■ WHAT TO PRODUCE: Return only the lines below starting at the line containing "本屆大會首日(即1月15日,周五),將舉" and ending at the line containing "大家好,我是有錢人這麼想小編", both included, exactly as they are and with no pictures.

■ SUPPLIED RECORDS:
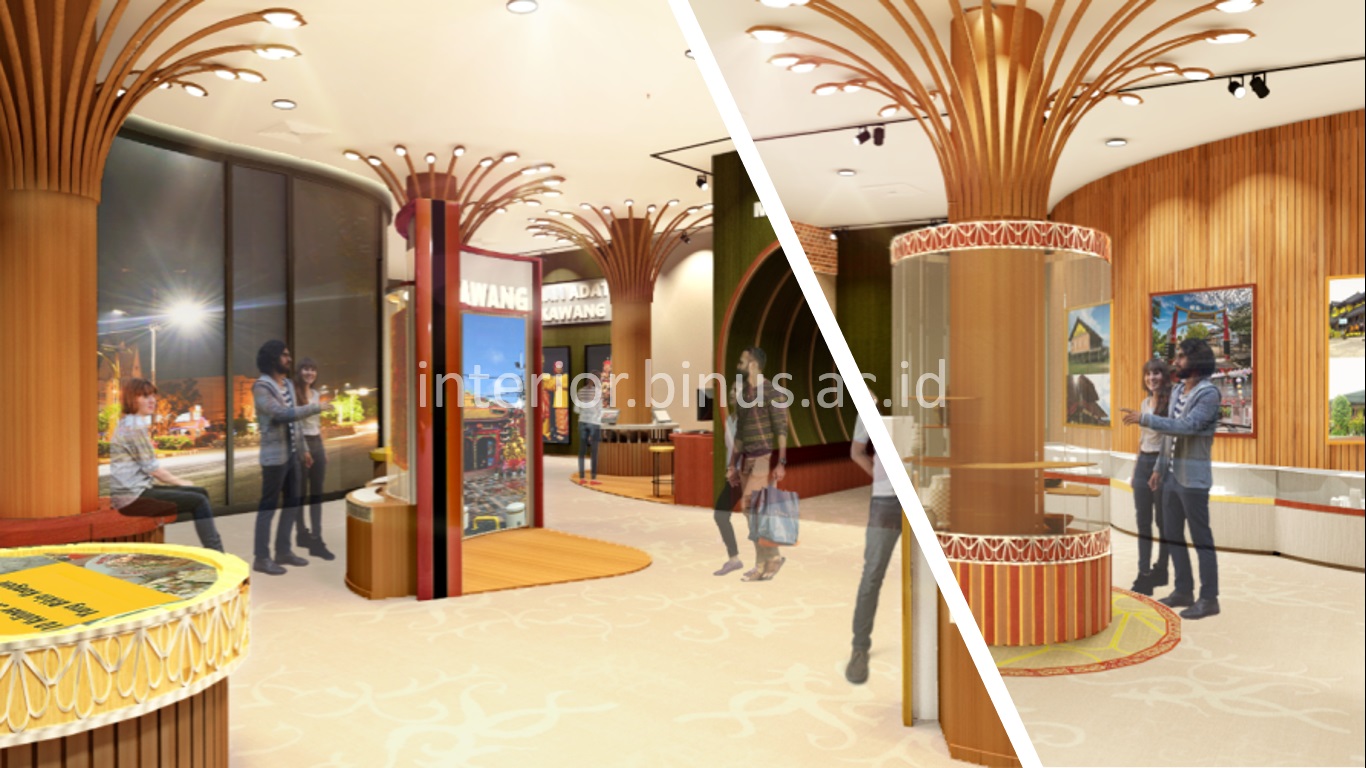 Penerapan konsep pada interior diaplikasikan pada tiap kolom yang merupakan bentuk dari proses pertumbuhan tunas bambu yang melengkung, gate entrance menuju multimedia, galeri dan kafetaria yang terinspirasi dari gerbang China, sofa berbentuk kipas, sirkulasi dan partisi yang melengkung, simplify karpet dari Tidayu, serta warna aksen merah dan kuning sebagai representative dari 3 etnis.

---

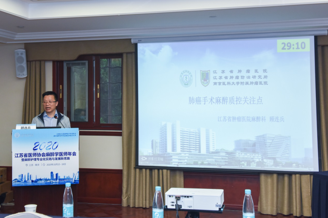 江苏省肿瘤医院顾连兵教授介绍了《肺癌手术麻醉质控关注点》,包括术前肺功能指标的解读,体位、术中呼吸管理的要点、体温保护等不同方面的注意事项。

==

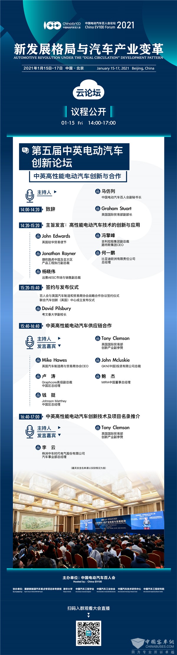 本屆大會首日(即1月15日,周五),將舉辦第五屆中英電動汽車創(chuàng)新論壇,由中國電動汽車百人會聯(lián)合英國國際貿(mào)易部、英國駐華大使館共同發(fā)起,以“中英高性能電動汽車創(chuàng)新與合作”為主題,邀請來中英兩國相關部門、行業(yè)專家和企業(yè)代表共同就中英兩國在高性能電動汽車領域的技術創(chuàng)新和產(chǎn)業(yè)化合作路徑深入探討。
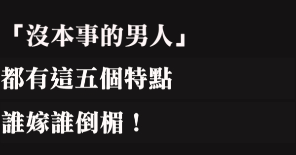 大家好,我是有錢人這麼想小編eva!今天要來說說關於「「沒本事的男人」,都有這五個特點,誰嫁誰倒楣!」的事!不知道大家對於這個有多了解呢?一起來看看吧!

■ WRITTEN SOLUTION:
 本屆大會首日(即1月15日,周五),將舉辦第五屆中英電動汽車創(chuàng)新論壇,由中國電動汽車百人會聯(lián)合英國國際貿(mào)易部、英國駐華大使館共同發(fā)起,以“中英高性能電動汽車創(chuàng)新與合作”為主題,邀請來中英兩國相關部門、行業(yè)專家和企業(yè)代表共同就中英兩國在高性能電動汽車領域的技術創(chuàng)新和產(chǎn)業(yè)化合作路徑深入探討。
 大家好,我是有錢人這麼想小編eva!今天要來說說關於「「沒本事的男人」,都有這五個特點,誰嫁誰倒楣!」的事!不知道大家對於這個有多了解呢?一起來看看吧!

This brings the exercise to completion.